On Fri, Nov 28, 2014 at 5:43 PM, Pat Ferrel <[email protected]> wrote:

> Some references:
>
> small free book here, which talks about the general idea:
> https://www.mapr.com/practical-machine-learning
> preso, which talks about mixing actions or other indicators:
> http://occamsmachete.com/ml/2014/10/07/creating-a-unified-recommender-with-mahout-and-a-search-engine/
> two blog posts:
> http://occamsmachete.com/ml/2014/08/11/mahout-on-spark-whats-new-in-recommenders/
> http://occamsmachete.com/ml/2014/09/09/mahout-on-spark-whats-new-in-recommenders-part-2/
> mahout docs:
> http://mahout.apache.org/users/recommender/intro-cooccurrence-spark.html
>
> Build Mahout from this source: https://github.com/apache/mahout This will
> run stand-alone on a dev machine, then if your data is too big for a single
> machine you can run it on a Spark + Hadoop cluster.
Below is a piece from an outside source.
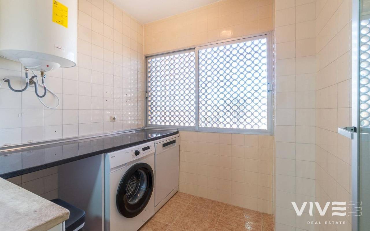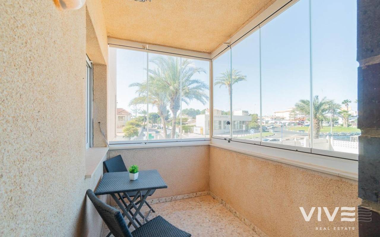Entdecken Sie dieses charmante Apartment in Orihuela Costa, idyllisch gelegen in La Zenia. Es befindet sich nur 300 Meter von einem der schönsten Strände des Mittelmeers entfernt und ist nur wenige Gehminuten vom Einkaufszentrum Zenia Boulevard mit seinen Geschäften, einer Apotheke, Bars und Restaurants entfernt.. . Die Wohnung liegt in einem Apartmentgebäude mit Gemeinschaftspool und Gartenanlage. Ein Parkplatz im Gemeinschaftsbereich sowie eine private, abgeschlossene Garage/ein Abstellraum im Untergeschoss gehören ebenfalls dazu. Dies ist besonders in den Sommermonaten von Vorteil, wenn die Parkplatzsuche schwieriger und die Lage voller ist. So können Sie Ihr Fahrzeug bequem parken und haben in Ihrer privaten Garage Platz für Auto, Koffer, Fahrräder und andere persönliche Gegenstände.. . Dieses Refugium, ideal zum ganzjährigen Wohnen oder für Ferien, ist nach Süd-Südwesten ausgerichtet und verfügt über eine verglaste Terrasse mit Morgensonne und eine weitere mit Nachmittagssonne. Im Winter können Sie diese als Solarium nutzen, und die Wärme der verglasten Außenbereiche sorgt für ein angenehmes Raumklima im restlichen Haus. Im Sommer lassen sich die Glaspaneele der Anbauten öffnen, um die Meeresbrise für optimale Belüftung ins Haus zu lassen.. . Das Haus selbst bietet drei komfortable Doppelzimmer, alle geräumig und mit Einbauschränken ausgestattet, sowie zwei Badezimmer mit Dusche für mehr Komfort und barrierefreien Zugang.. . Die neu renovierte und voll ausgestattete Küche lädt zu kulinarischen Abenteuern ein und verfügt über einen separaten, geschlossenen Hauswirtschaftsraum, in dem Sie die Waschmaschine benutzen können, ohne die anderen Bewohner zu stören. All dies öffnet sich zu einem großen Wohn-Esszimmer neben der bereits erwähnten, geräumigen und hellen Hauptterrasse mit Glasfront.. . Die weißen PVC-Fenster mit Doppelverglasung sorgen für Komfort sowie Wärme- und Schalldämmung und ermöglichen Ihnen so, das Haus das ganze Jahr über unbeschwert zu genießen.. . Dieses charmante Apartment verfügt über eine Klimaanlage in den Schlafzimmern für einen angenehmen Schlaf an warmen Tagen, Einbauschränke für zusätzlichen Komfort und zwei Balkone, die sich perfekt eignen, um bei Sonnenuntergang ein Glas Wein zu genießen.. . In einer ruhigen Ecke gelegen, bietet dieses Apartment einen unverbaubaren Ausblick, der zum Entspannen einlädt. Nur wenige Schritte entfernt finden Sie alles, was Sie für einen gelungenen Urlaub brauchen: Busse, Geschäfte, Ärztezentren, Schulen, Golfplätze, Krankenhäuser und Parks. La Zenia ist ein lebendiger und pulsierender Ort, ideal für einen unvergesslichen Urlaub.. . Dieses Apartment ist die perfekte Wahl für alle, die einen festen Wohnsitz für ihre Familie oder ein Feriendomizil suchen, wo Komfort und Bequemlichkeit auf den Charme und die Schönheit des Mittelmeers treffen.. . Preis: 189.900 €. Steuern und Nebenkosten sind nicht enthalten (gemäß den geltenden Bestimmungen). Eine Aufschlüsselung der zusätzlichen Kosten erhalten Sie vor der Buchung.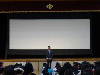 6年生は伏見中学校オープンスクールに参加しました。まずは,体育館で生徒会の先輩方のお話を聞きました。

The data this creates
> can be put into a DB or indexed directly by a search engine (Solr or
> Elasticsearch). Choose the search engine you want then queries of a user’s
> item id history will go there--results will be an ordered list of item ids
> to recommend.
>
> The core piece is the command line job: “mahout spark-itemsimilarity”,
> which can parse csv data. The options specify what columns are used for ids.
>
> Start out simple by looking only at user and item IDs. Then you can add
> other cross-cooccurrence indicators for multiple actions later pretty
> easily.
>
>
> On Nov 28, 2014, at 12:14 AM, Yash Patel <[email protected]> wrote:
>
> The mahout + search engine recommender seems what would be best for the
> data i have.
>
> Kindly get back to me at your earliest convenience.
>
>
>
> Best Regards,
> Yash Patel
>
> On Thu, Nov 27, 2014 at 9:58 PM, Pat Ferrel <[email protected]> wrote:
>
> > Mahout has several recommenders so no need to create one from components.
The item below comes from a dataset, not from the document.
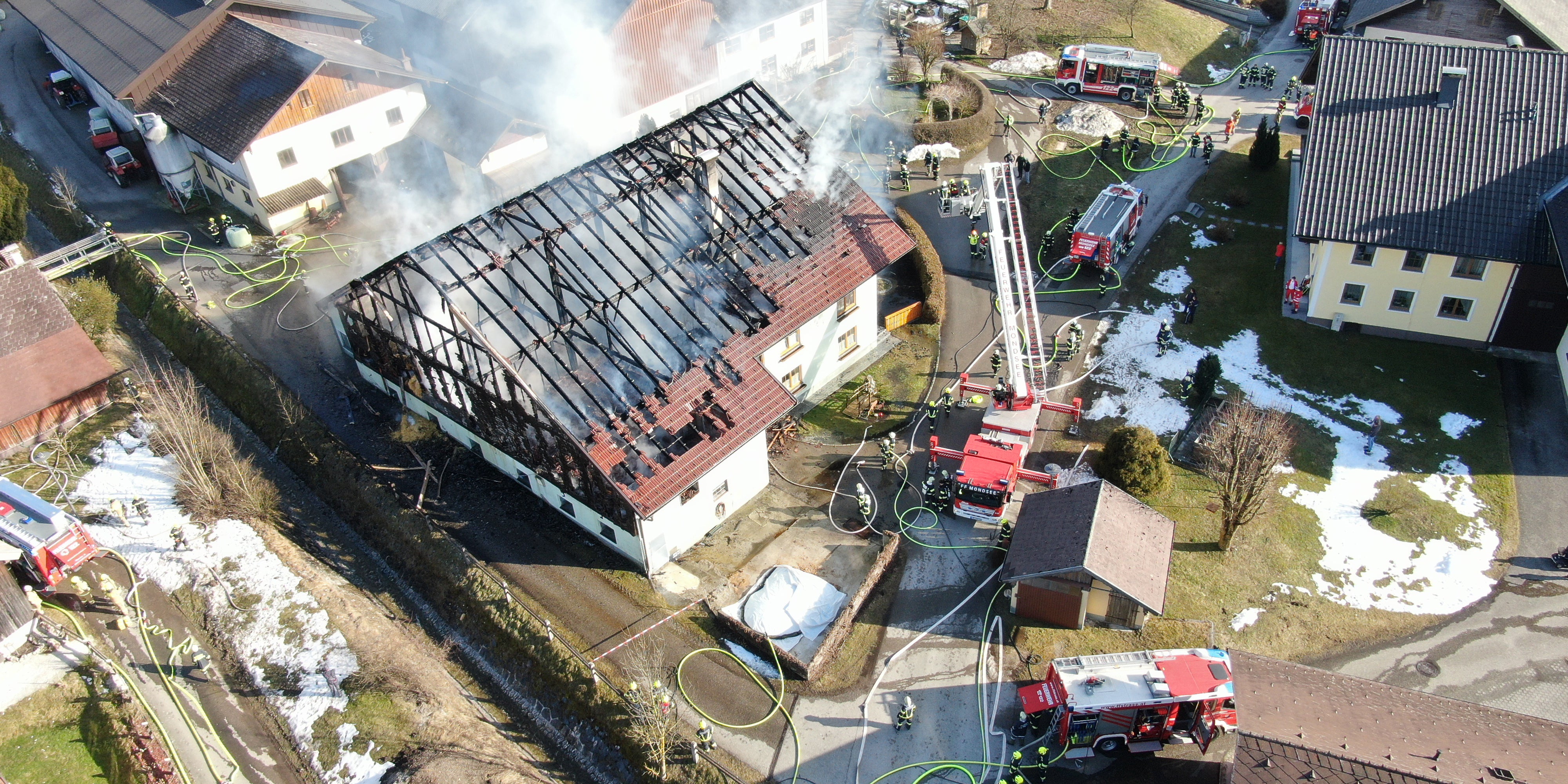 Bauernhaus mitten im Ort Oberwang in Oberösterreich brannte.

> > They all make use of the similarity of preferences between users—that’s
> why
> > they are in the category of collaborative filtering.
> >
> > Primary Mahout Recommenders:
> > 1) Hadoop mapreduce item-based cooccurrence recommender. Creates all recs
> > for all users. Uses “Mahout IDs"
> > 2) ALS-WR hadoop mapreduce, uses matrix factorization to reduce noise in
> > the data. Sometimes better for small data sets than #1. Uses “Mahout IDs"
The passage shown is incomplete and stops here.